**PROVIDED DATA:**

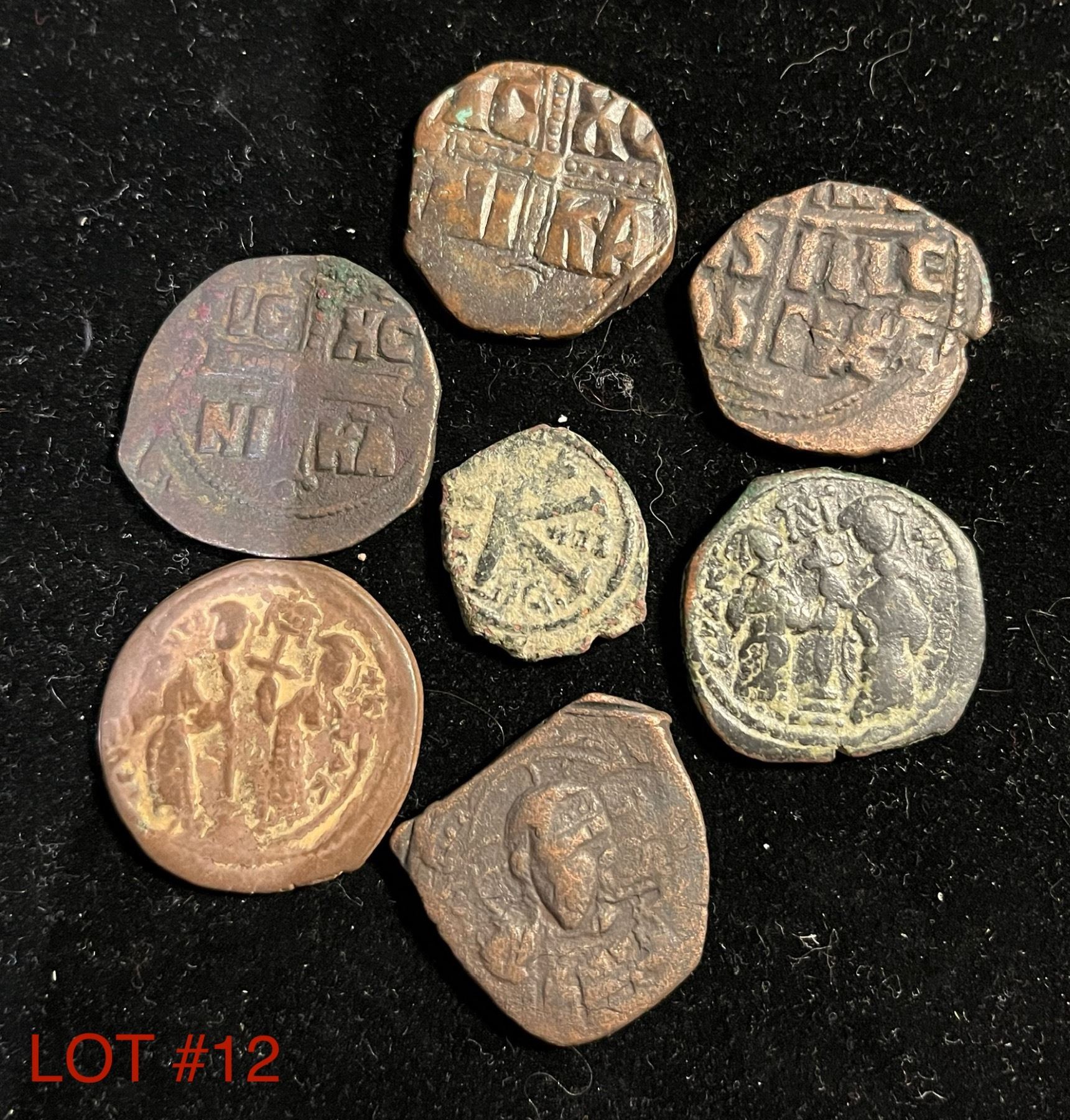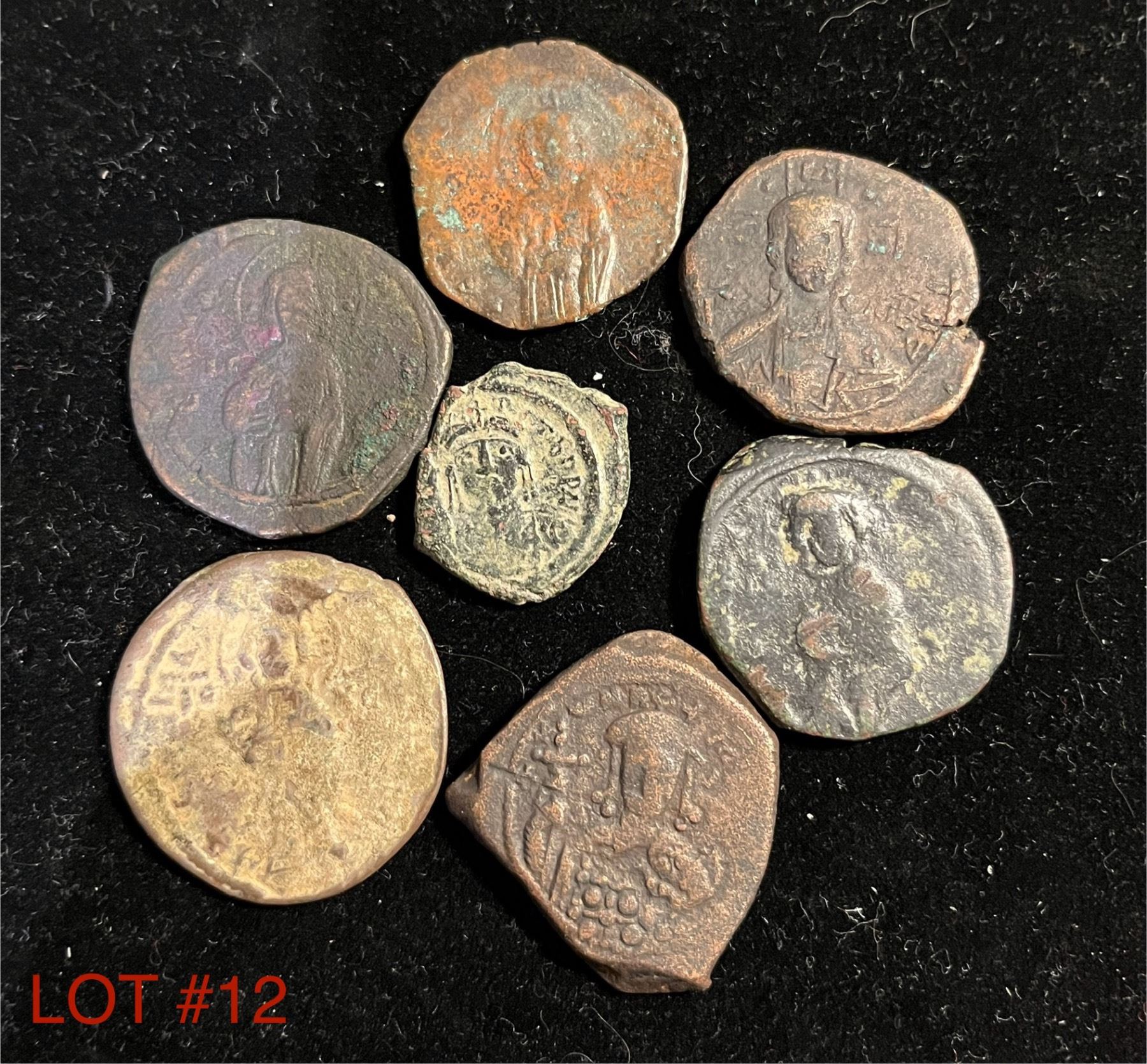 7 different Byzantine bronze coins (Follis, 1/2 Follis)
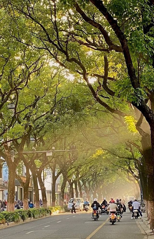清晨,街道上是一片潮呼呼的露水气味,树影子在月光的照耀下渐渐变淡,星星也渐渐少了。
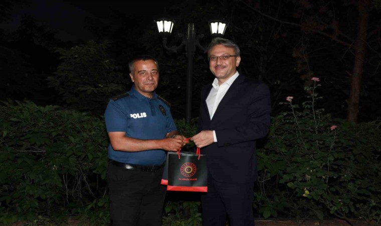 Vali Ekinci hem Durak’a hem de Canbolat’a hatıra amaçlı hediye takdim etti.
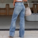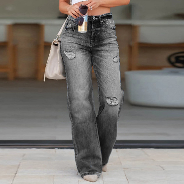 Fashion Mid-rise Distressed Straight-cut Old-washed Jeans

**TASK ITEM:** Would you mind transcribing the material exactly, without the pictures?

**RESPONSE TO THIS TASK:**
 7 different Byzantine bronze coins (Follis, 1/2 Follis)
清晨,街道上是一片潮呼呼的露水气味,树影子在月光的照耀下渐渐变淡,星星也渐渐少了。
 Vali Ekinci hem Durak’a hem de Canbolat’a hatıra amaçlı hediye takdim etti.
 Fashion Mid-rise Distressed Straight-cut Old-washed Jeans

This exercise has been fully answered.